China's Citic sees Brazil as growth driver after Dow corn deal
by Tatiana Freitas
Acquisitions seen including soybean, rice businesses
Citic Agri Fund, an investment vehicle created by China’s largest conglomerate, has chosen Brazil as the platform for its global strategy in agriculture.
The Citic Ltd. fund concluded the acquisition of Dow Chemical’s Brazil corn-seed assets earlier this month in a $1.1 billion deal. Another $2.5 billion is available for new investments in research or acquisitions of other agricultural companies with profiles that match the fund’s strategy, including businesses in soybeans and rice, according to Vitor Cunha, the general manager at LP Sementes, the new company created from the corn deal.

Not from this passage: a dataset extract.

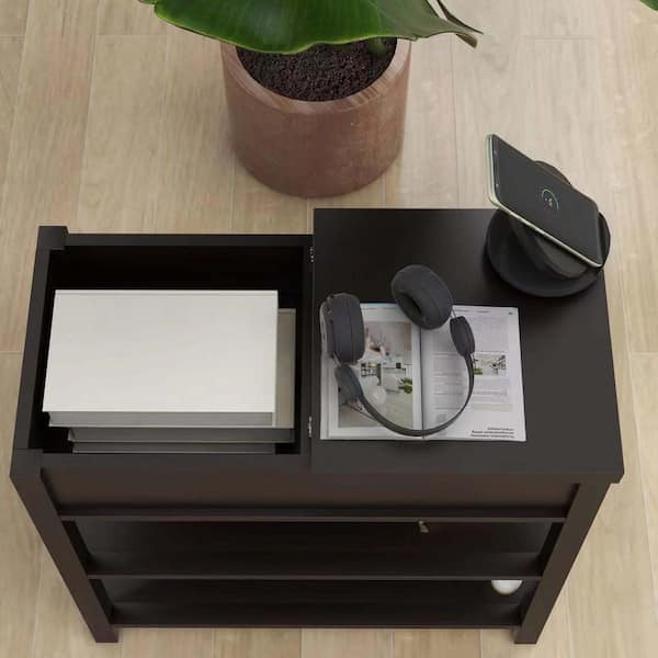 24 in. W x 12 in. D x 24 in. H Brown Linen Cabinet, Narrow Sided Table with Drawers and Bottom Partition

"Citic is starting to become an international company, and Brazil will be the global manager of this strategy," Cunha said in a telephone interview from Ribeirao Preto, in Sao Paulo state. "The Chinese will expand its agricultural business from Brazil."
The decision to make Brazil the main driver for Citic’s global agriculture growth stems from the Dow corn deal. The acquired assets give Citic deeper knowledge about the corn-seed market, Cunha said. LP Sementes is Brazil’s third-biggest supplier of the seeds, with almost 20 percent market share. Yuan Longping High-tech Agriculture, the company responsible for managing Citic’s corn assets in Brazil, is the world’s largest rice-seed company.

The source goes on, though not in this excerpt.